On February 24 the SEC charged Ohio-based Goodyear Tire and Rubber Company with violating the books and records provisions of the Foreign Corrupt Practices Act (FCPA). Goodyear agreed to pay $16.2 million to settle the charges, which stemmed from allegations that the company failed to prevent or detect bribes amounting to more than $3.2 million distributed by local executives at two of its Sub-Saharan subsidiaries in order to obtain tire sales. Most of the illicit payments were made prior to Goodyear’s acquisition of the Kenyan company in 2007. The SEC’s enforcement order suggests that the pre-acquisition due diligence Goodyear conducted was insufficient to uncover the illicit behavior. Furthermore, the SEC found Goodyear’s post-acquisition compliance efforts insufficient as well.
Evidence of improper payments in Kenya first came to light five years after Goodyear’s acquisition through an employee tip submitted via Goodyear’s ethics hotline. The company later disclosed its findings to the SEC and increased compliance trainings and audits. Goodyear’s cooperation and compliance efforts helped it avoid additional criminal fines. However, the dollar amount of the settlement doesn’t quite capture the extent to which this lapse in due diligence cost the company. Goodyear is also required to unwind its operations in Sub-Saharan Africa and stomach the loss of investment funds, time, and future opportunity in the region.

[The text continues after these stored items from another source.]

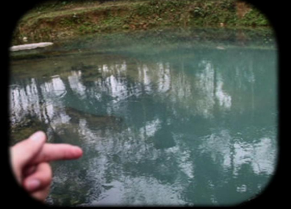
阮纯诗 风景系列 #1 单频彩色有声录像 2013 4'55'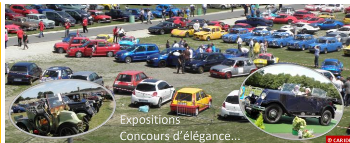
Expositions Concours d'élégance...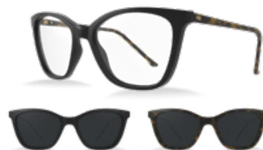
Gloss Black / Black+Havana Polarized Gray Ref. 10103850688032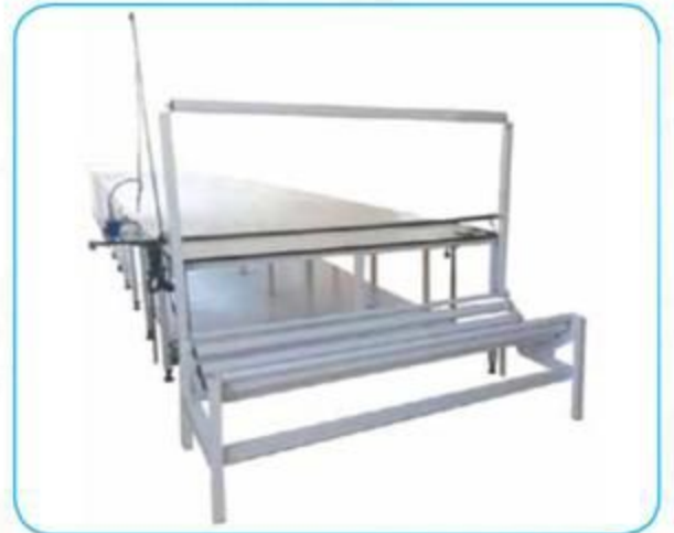
Avare Borulu Top Çözücü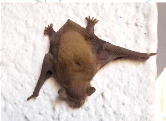
Cría con pelo.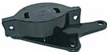
1500 SUPER EUROPA Soporte de Caja C/Rosca (97053070)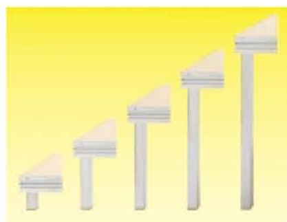
Вставные ножки 40 мм. Длины фиксированные.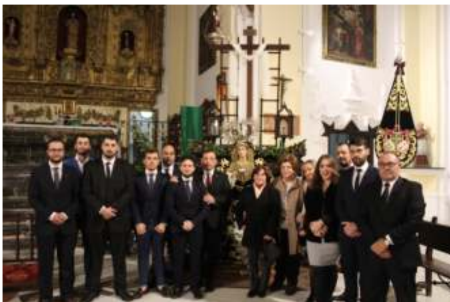
Junta de Gobierno de la Pro-Hermandad de la Soledad

El frío llegó en noviembre y nos regaló a todo Palma otra histórica estampa. En la Parroquia Arciprestal de Nuestra Señora de la Asunción, nace un nuevo gru-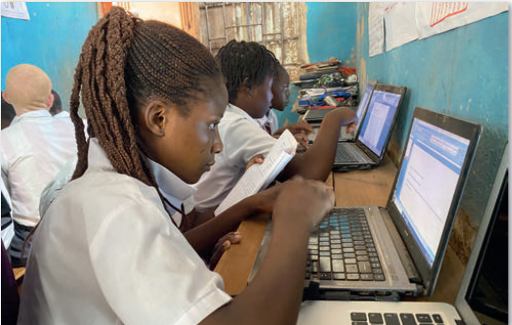
Computerklasse in Linda, Sambia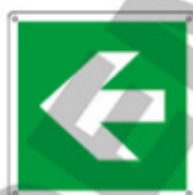
E15104 KWXYZ ▲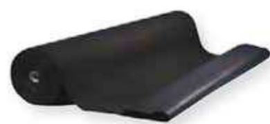
h Feutrine spéciale Styrlux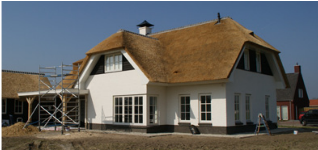
klassieke bouwstijl wit gekeimd of met aardkleuren

Ignorance of foreign subsidiaries’ illicit behavior does not shield a parent company from liability under the FCPA. In this case, Goodyear’s Kenyan subsidiary had independently initiated the illegal practices prior to the acquisition and continued to be managed locally even after Goodyear acquired a majority stake in the company. The U.S. government was able to establish jurisdiction and charge Goodyear with FCPA violations because it had incorporated misleading records of the illicit payments into its accounting records. However, the company could have avoided the violations if it had conducted better pre-acquisition due diligence and implemented anti-corruption training with the subsidiaries right off the bat.
Pre-acquisition due diligence should include:
- A complete audit of all books and records
- An assessment of risks based on the location of the business and the nature of the particular industry
- A review of internal control measures and the compliance culture
- Risk assessments of political activities and third-party relationships (customers, contractors, vendors, agents, distributors, investors and partners)

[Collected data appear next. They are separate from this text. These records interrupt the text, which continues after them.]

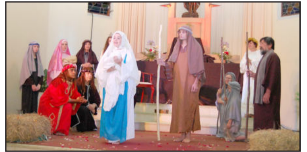
Grupo Façarte deu show de interpretação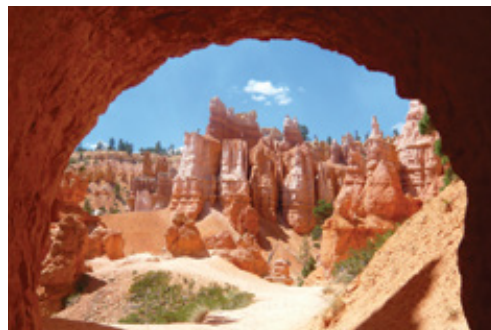
Parco Nazionale del Bryce Canyon, UT—Panorama

Bambini vengono accettati dagli 8 anni compiuti. L'incontro con la guida è previsto il 3° giorno nella lobby del Harrah's Las Vegas alle 07.30 per partire alle 08.00.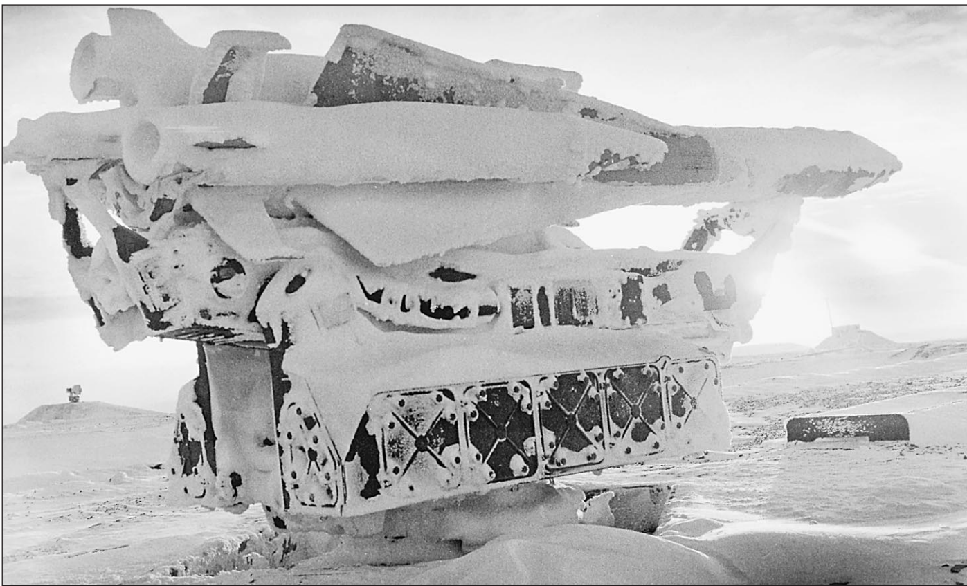
Противоракетная отпелль кончилась. Начинаются заморозки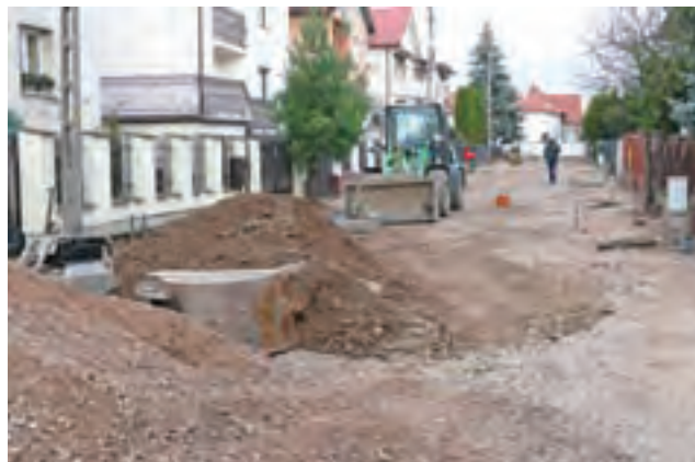
Prace na ul. Zielonej trwają od kilku dni.

W zakresie prac firma ma wykonanie nawierzchni z betonowej kostki na odcinku ulicy Zielonej o długości 128 m, który jest prostopadły do ul. Legionów. Nawierzchnia jezdni i chodnika zostanie ułożona na jednakowej wysokości, bez rozdzielających je krawężników. Chodniki zostaną jednak wydzielone pasami obniżonej kostki, które będą pełniły funkcję rynsztoków – woda spłynie nimi do krat wpustowych kanalizacji deszczowej zamontowanych na początku i na końcu odcinka, na którym trwają roboty. Firma zgodnie z projektem ma wykonać spadki umożliwiające jej spływ od środka w obu tych kierunkach.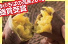
天然スイーツ 焼き芋 (70名様) 甘藷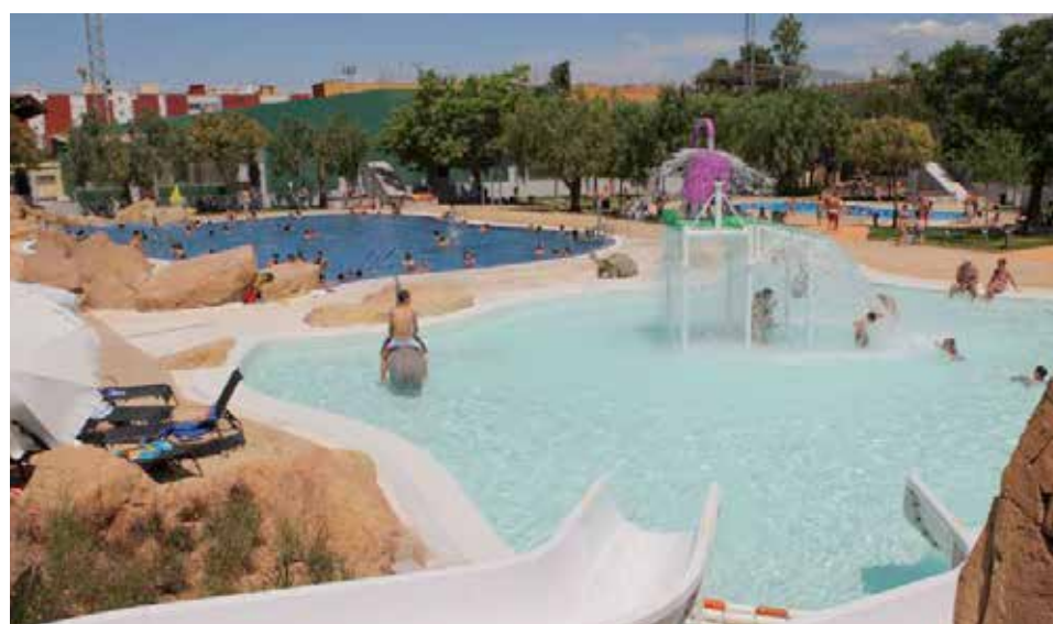
Piscinas de Picassent, arriba y de Quart de Poblet, abajo.

- A violations inquiry to assess target’s relationship with the DOJ and SEC as well as local agencies
- Pre-acquisition actions to address red flags before the deal goes through
- Thorough documentation of all due diligence efforts (to present in the event of a government investigation)
- Immediate implementation of a compliance education and training program including manuals, policies, certifications and management support of the overall compliance program assessing the likelihood of violations, ability to provide mitigation, and the need for restructuring to provide effective protection against future violations.